On the same date, Dr. Denner was granted 4,451 shares in his capacity as a director of Ironwood. The filing states that, other than these transactions, no other transactions in the shares were effected by the reporting persons during the prior 60 days as of the afternoon of March 19, 2026.
IRONWOOD PHARMACEUTICALS INC director-related entities reported major share sales alongside a small equity grant. Investment vehicles advised by Sarissa Capital Management LP sold a total of 6,730,800 shares of Class A Common Stock on March 17, 2026 in open-market transactions at prices between $3.05 and $3.31 per share, leaving 9,188,635 shares held indirectly. Separately, Dr. Alexander J. Denner received a grant of 4,451 shares on March 13, 2026 under the company’s non-employee director compensation policy, bringing his directly held shares to 256,309. Footnotes state Sarissa Capital and its funds directly hold the sold and remaining indirect shares, with each party, including Dr. Denner, disclaiming beneficial ownership beyond their pecuniary interest.

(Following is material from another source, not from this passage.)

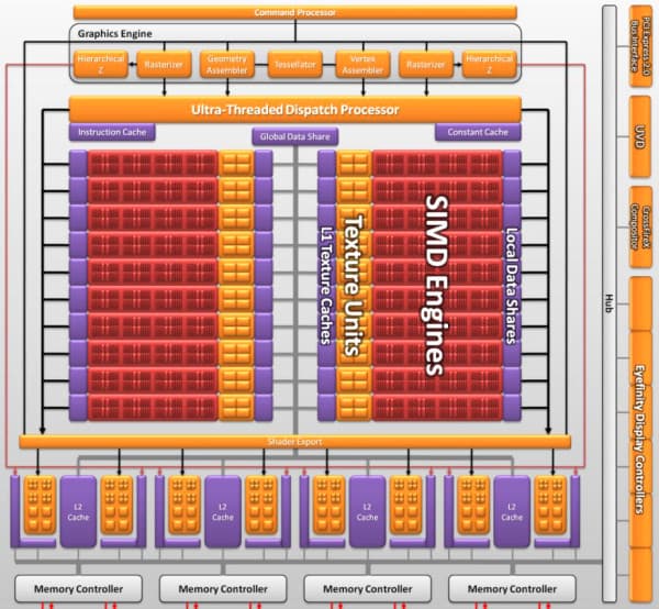 Все улучшения в текстурировании имели бы мало смысла без соответствующей поддержки со стороны системы кэширования. По данным AMD, пропускная способность кэша первого уровня увеличилась до 1 терабайта в секунду (480 ГБ/с у RV770), а пропускная способность между L1 и L2 стала равна 435 ГБ/с (против 384 ГБ/с у предыдущих чипов).

Ironwood Pharmaceuticals Chief Legal Officer John Minardo received an equity grant of 136,612 shares of Class A Common Stock as a stock award. The shares were acquired at no cash cost to him as a grant or award, rather than an open-market purchase.
The award was granted in the form of restricted stock units as an annual performance award and will vest in four equal installments, with 25% of the underlying shares vesting on each approximate anniversary of the grant date. Following this grant, Minardo directly holds a total of 500,498 shares of Class A Common Stock.
Ironwood Pharmaceuticals reported that Chief Financial Officer Gregory S. Martini received an equity compensation grant of 136,612 shares of Class A Common Stock on March 10, 2026. The award is structured as restricted stock units granted as an annual performance award.
The award vests in four equal installments, with 25% of the shares vesting on each approximate anniversary of the grant date. Following this grant, Martini directly holds 297,213 shares of Class A Common Stock. This is a compensation-related acquisition, not an open-market purchase or sale.